At only 40 years old, Japan Society‘s low-slung modernist headquarters at 333 East 47th Street has just been named New York’s youngest landmark building by the state’s Landmark Preservation Commission. The structure, designed by Junzo Yoshimura and George G. Shimamoto and first completed in 1971, translates traditional Japanese architectural forms into a modernist idiom, bowing to neither but combining the two languages in an innovative and complex way.
I spoke with Japan Society vice president Joe Earle about the landmark designation, and his experience of the building itself. An experienced curator and specialist in Japanese art, Earle took the post of vice president in 2007.
“We were a little bit surprised” about the designation, he says, “because it’s not a very old building. But we’re very proud of our building. It’s a remarkable place to walk into every day.”
As a manifestation of the relationship between the United States and Japan, Earle points out, the design and construction of the Japan Society building came at a very interesting time. In 1971, “New York was just becoming aware of Japanese architecture. [The building] represents the rebuilding of the relationship between the two countries after World War II.” As a combination of Brutalist severity and Zen simplicity, the structure crosses artistic cultures.
“Looking out of my window now,” Earle describes during a phone conversation, “the long horizontal bars that filter the light give the whole front [facade] this kind of horizontality that was associated with Japanese domestic architecture … It’s a suggestion of Japanese architecture without actually being a copy of it, that’s what strongly appeals to me.”
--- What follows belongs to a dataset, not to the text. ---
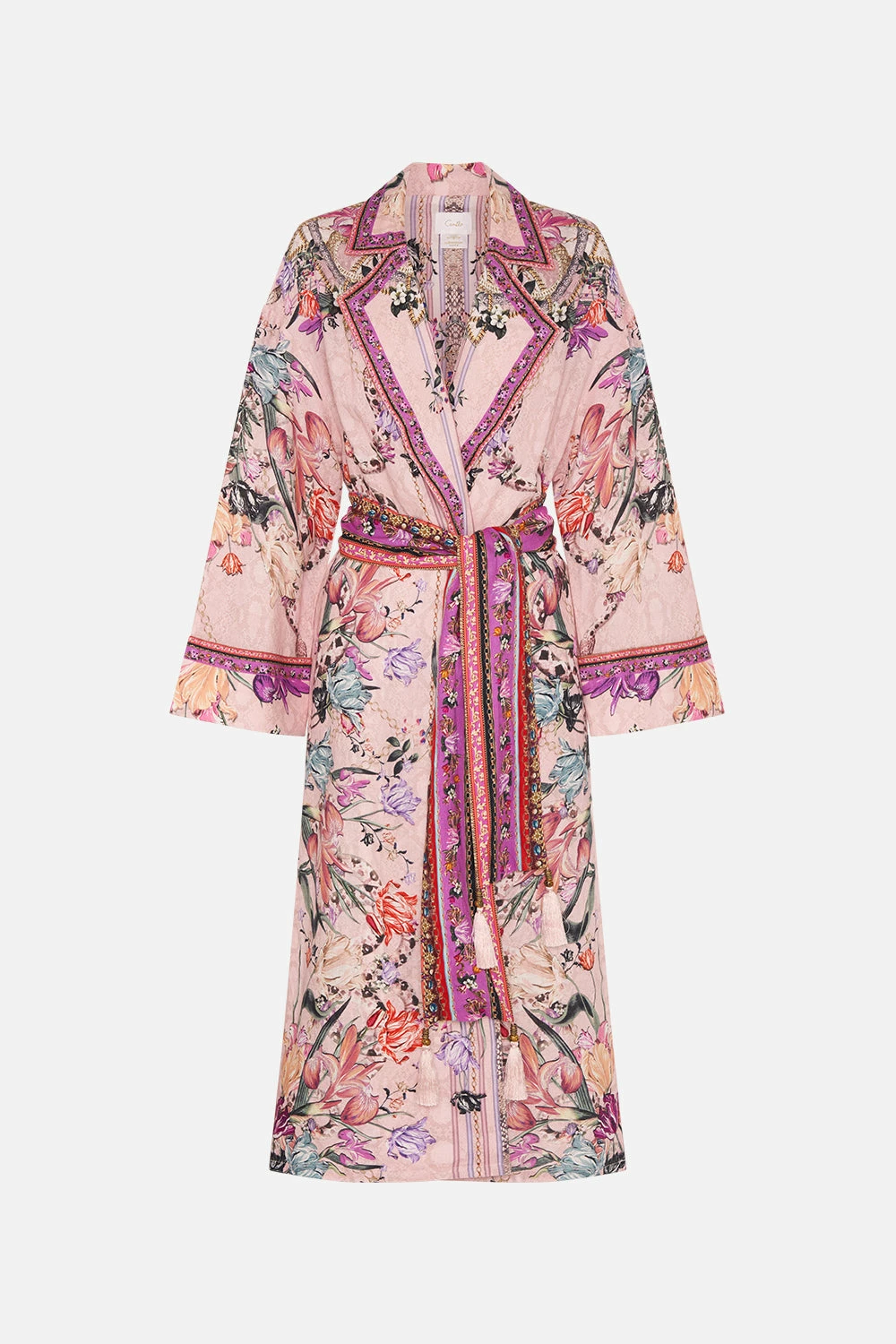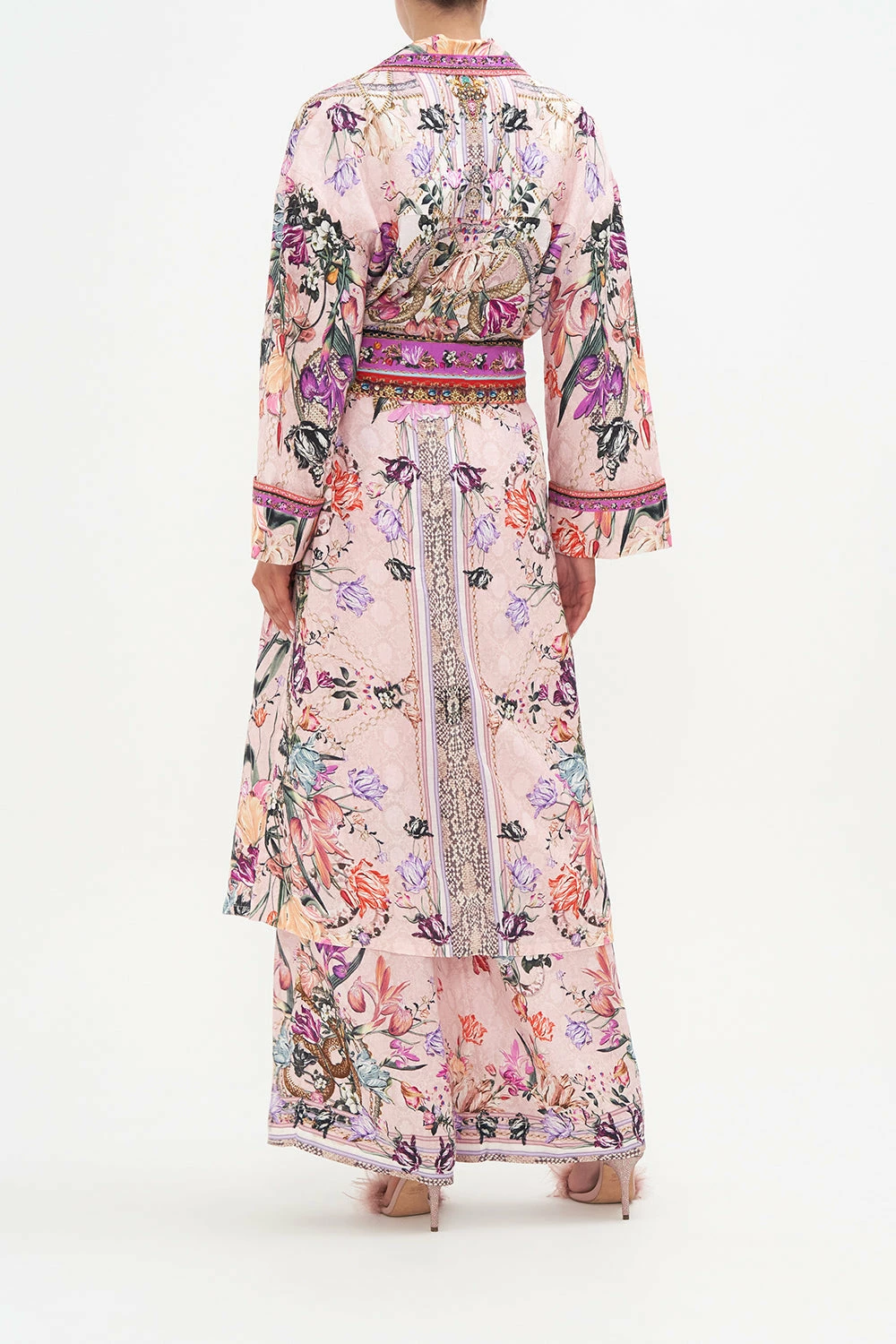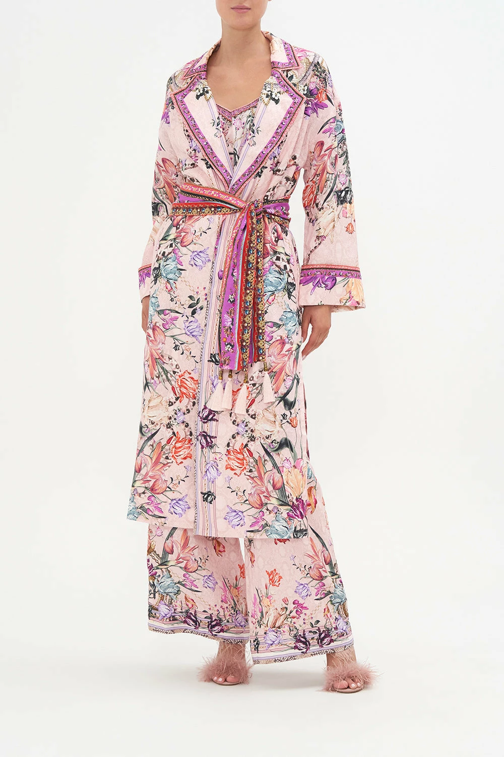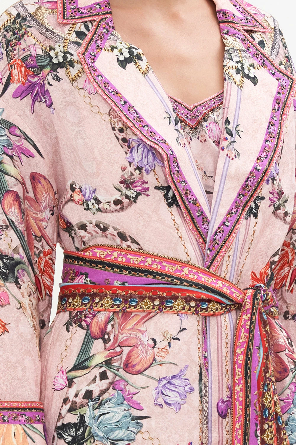 Modern layers introduced to the sweetness of flora, the Mad As A Snake Duster Coat is encapsulated by a soft dusty pink defined with cascades of striking snakes, botanicals in shades of sunset and gold chain details. Crafted from exquisitely breathable linen, this luxury duster coat features a relaxed maxi silhouette, a cinching waist-tie, drop shoulder details and hand-embellished CAMILLA crystals.
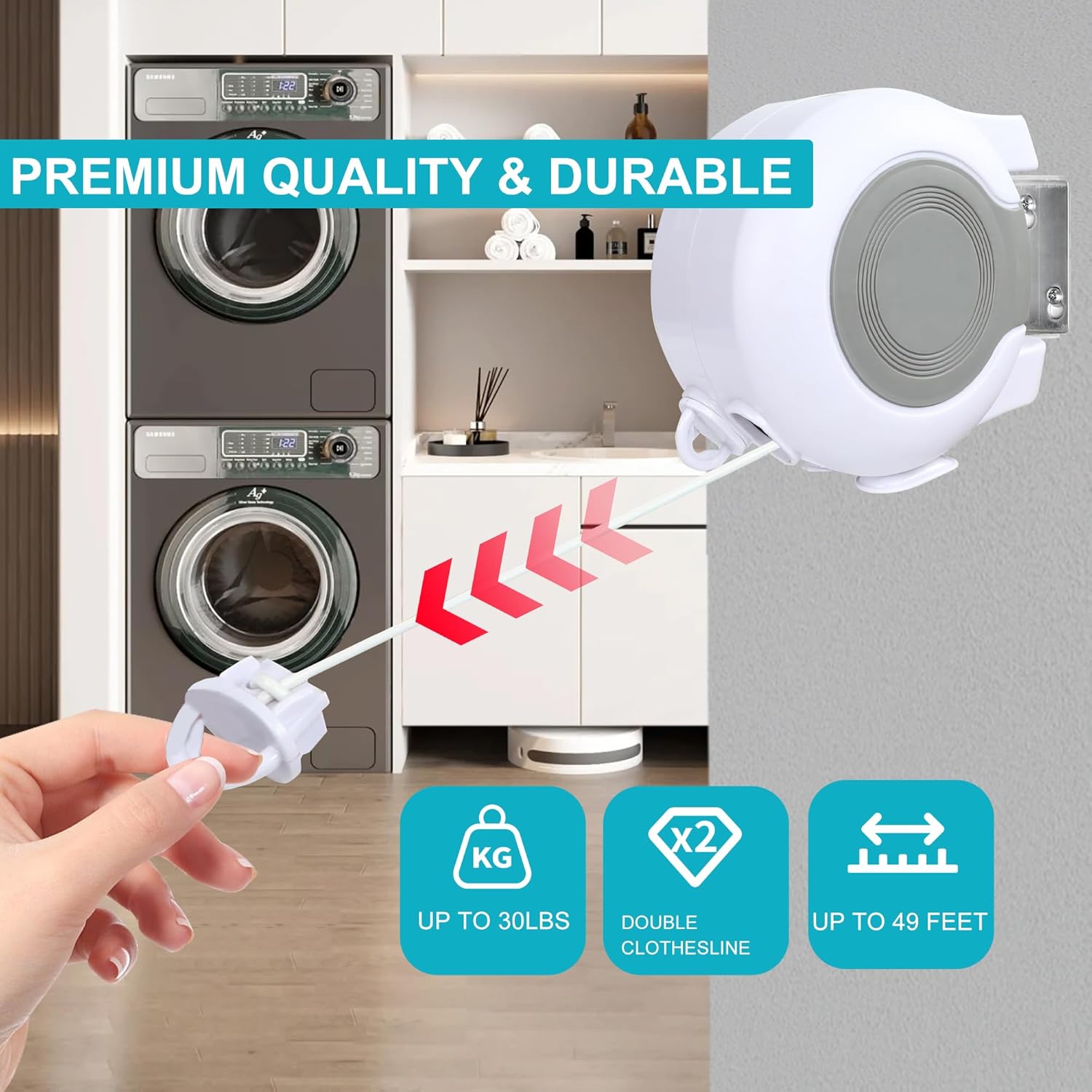 • PREMIMUM QUALITY: This rugged 30lb retractable clothesline comes fully assembled with ABS case that laughs at sun, rain, and drops – just mount it anywhere in seconds, stretch its 49ft muscle to hang king-size comforters or 20 soaking towels

The structure is also a unique example of the internationalization of Japanese art and its aesthetic vocabulary. Writes Matthew A. Postal in the Landmark Commission’s essay that accompanies the announcement, “In addition to being Yoshimura’s only work in New York City, this building is likely to have been the city’s earliest permanent structure designed by a Japanese citizen.”
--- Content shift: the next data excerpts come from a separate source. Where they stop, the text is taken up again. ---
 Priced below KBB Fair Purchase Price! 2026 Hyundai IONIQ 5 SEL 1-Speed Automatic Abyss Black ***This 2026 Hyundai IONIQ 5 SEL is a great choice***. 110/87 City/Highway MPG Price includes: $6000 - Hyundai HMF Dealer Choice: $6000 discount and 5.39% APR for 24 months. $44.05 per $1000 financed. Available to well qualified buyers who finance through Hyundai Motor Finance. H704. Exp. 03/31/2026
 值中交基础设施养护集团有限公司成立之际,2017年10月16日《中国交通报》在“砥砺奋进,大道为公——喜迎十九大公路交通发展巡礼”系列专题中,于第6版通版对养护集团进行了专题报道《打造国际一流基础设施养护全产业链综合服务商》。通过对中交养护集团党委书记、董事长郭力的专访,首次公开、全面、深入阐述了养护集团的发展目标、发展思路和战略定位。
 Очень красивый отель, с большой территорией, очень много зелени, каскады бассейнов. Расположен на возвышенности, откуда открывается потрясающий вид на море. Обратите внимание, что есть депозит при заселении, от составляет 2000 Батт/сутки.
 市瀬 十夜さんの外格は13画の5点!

Yoshimura was chosen to design the current Japan Society headquarters after the organization outgrew its earliest home, the Asia House, in the mid 1960s. Yoshimura was already known as a prominent Japanese architect and had not yet built a structure in New York City. “Japan deserves such a monument in New York, and the Japan Society can be the means of providing it,” consultant Philip Van Slyck wrote in a planning study.
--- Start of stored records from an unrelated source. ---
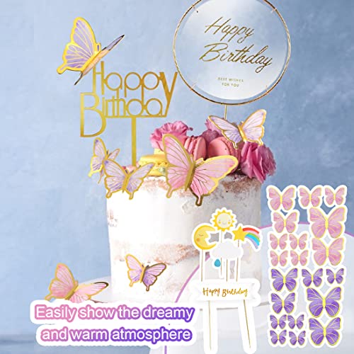 Materiale di alta qualità: decorazioni per torte con farfalla e arcobaleno realizzate in cartone glitterato di alta qualità, non si stropicciano facilmente, tutte sono tagliate con precisione, buona trasparenza, nessuna deformazione, sono attraverso una lavorazione speciale, sicure e riutilizzabili e belle per la decorazione di torte.
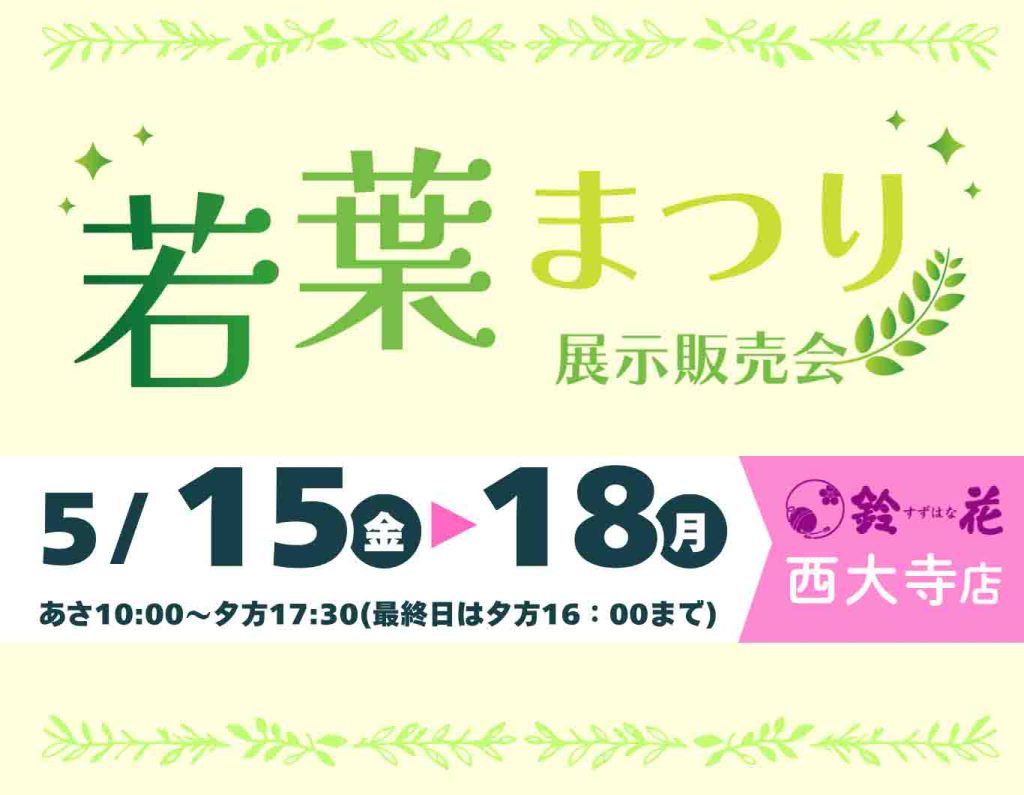 今回は、着物(松美庵)、寝具(ローズテクニー)がメインの展示販売会「若葉まつり」のご案内です。
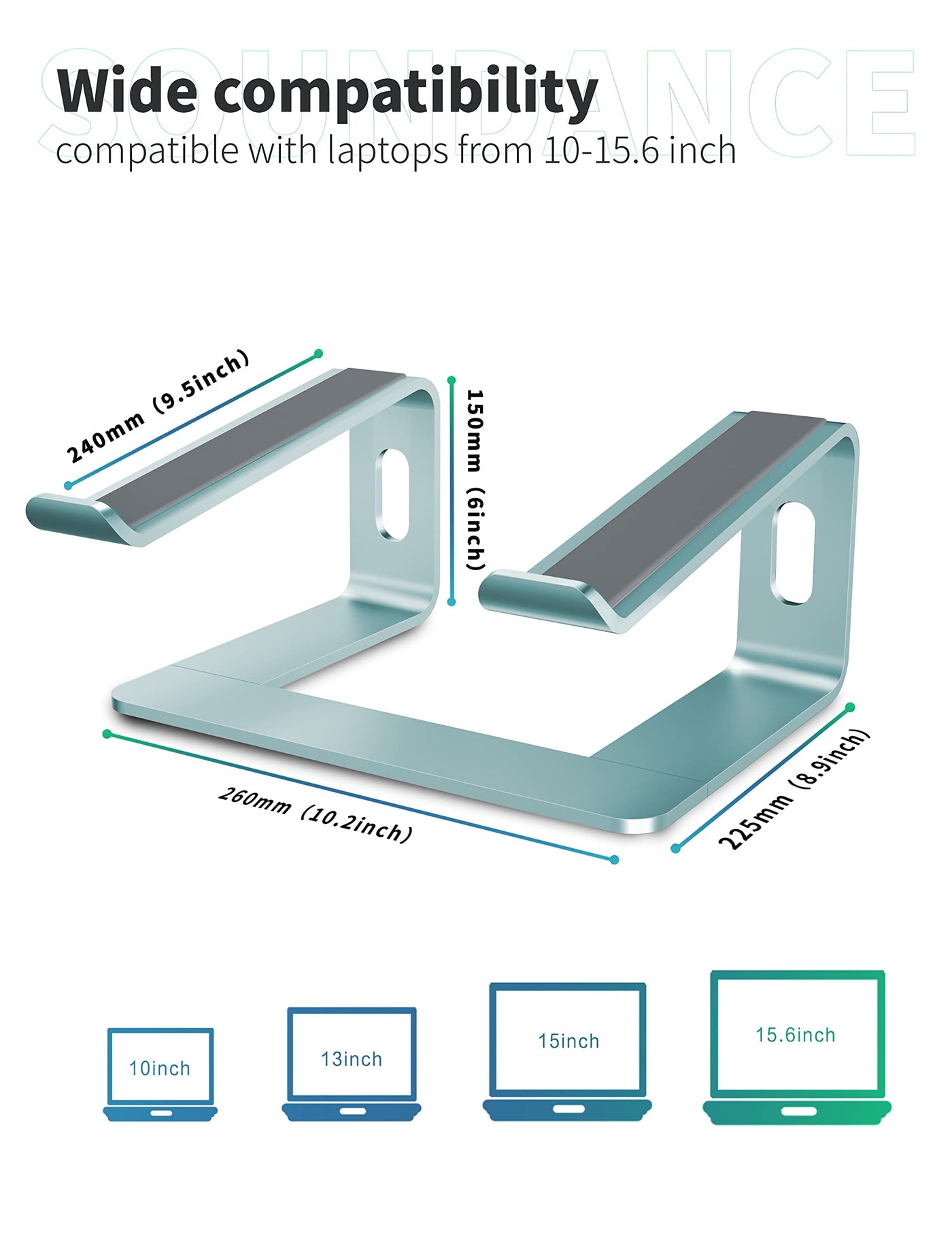 Soundance Laptop Stand, Aluminum Computer Riser, Ergonomic Laptops Elevator For Desk, Metal Holder Compatible With 10 To 15.6 Inches Notebook Computer, Aquamarine

Transfer of the property, located in the Turtle Bay neighborhood, was finalized in 1968. See the Commission’s building history for more information.
According to the rules of landmark designation, Japan Society’s facade must now be preserved as it is, outside of construction permission granted through a permit. The building’s interior can still be renovated and updated at will. According to a report from WNYC:
Elisabeth de Bourbon [of the Landmark Commission] said the landmark designation protects the buildings from demolition, and requires a permit for any major changes to the buildings’ exterior.
Along with Japan Society, four other New York buildings were designated as landmarks, including “the Renaissance Revival-style Engineer’s Club Building on West 40th Street, the neo-Georgian-style Neighborhood Playhouse on Grand Street and the picturesque rural cottage style Greyston Gatehouse on Independence Avenue in the Bronx,” WNYC writes. This September 14 will also mark the 40th anniversary of the Japan Society building.
The Japan Society is located at 333 East 47th Street, Turtle Bay, Manhattan.